As Jauregui and I spoke, a young woman appeared at the door with a bouquet of flowers. She came in and handed them to Jauregui for Mother's Day.

Anissa, 19, told me her mother has drug and alcohol problems and has been in and out of jail. Anissa spent 12 years at the daycare center with Jauregui, and two of her siblings spent time there, too.

She calls Jauregui "Mom."

"This had a huge impact," Anissa said of the time she spent in Jauregui's care.

She's now in college, works as a judicial assistant and plans to become a lawyer.

Noriega said he never felt overlooked by a mother with such a broad definition of family. The way he grew up was just the way things were.

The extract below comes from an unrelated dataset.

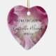 Celebrate your first Christmas as a newly engaged couple and commemorate the special day with the beautiful Pink Peony Flower Engagement Heart Shaped Ornament. Customise it with the personal names of the bride and groom and date he popped the question. This elegant custom flowery we're engaged ornament features a digitally painted close up macro floral photograph of a pink peony flower blossom on both sides.

"She's an inspiration," he said.

Noriega is about to leave Cal State L.A. with a master's degree. He's on his way to Chapman University, where he'll study for a doctorate in education, with plans to become a college professor.

In the paper he wrote for my class, Noriega said his grandfather rides through the streets of East L.A. on his bicycle, collecting discarded toys. He keeps some in a backyard shrine and says the toys represent the spirits of lost children. Others, he fixes, and they end up in the daycare center.

"Souls don't become lost on purpose," Noriega wrote. "They are neglected, pushed away, never given proper guidance. But in East L.A., there is a woman providing care for those souls, both lost and found."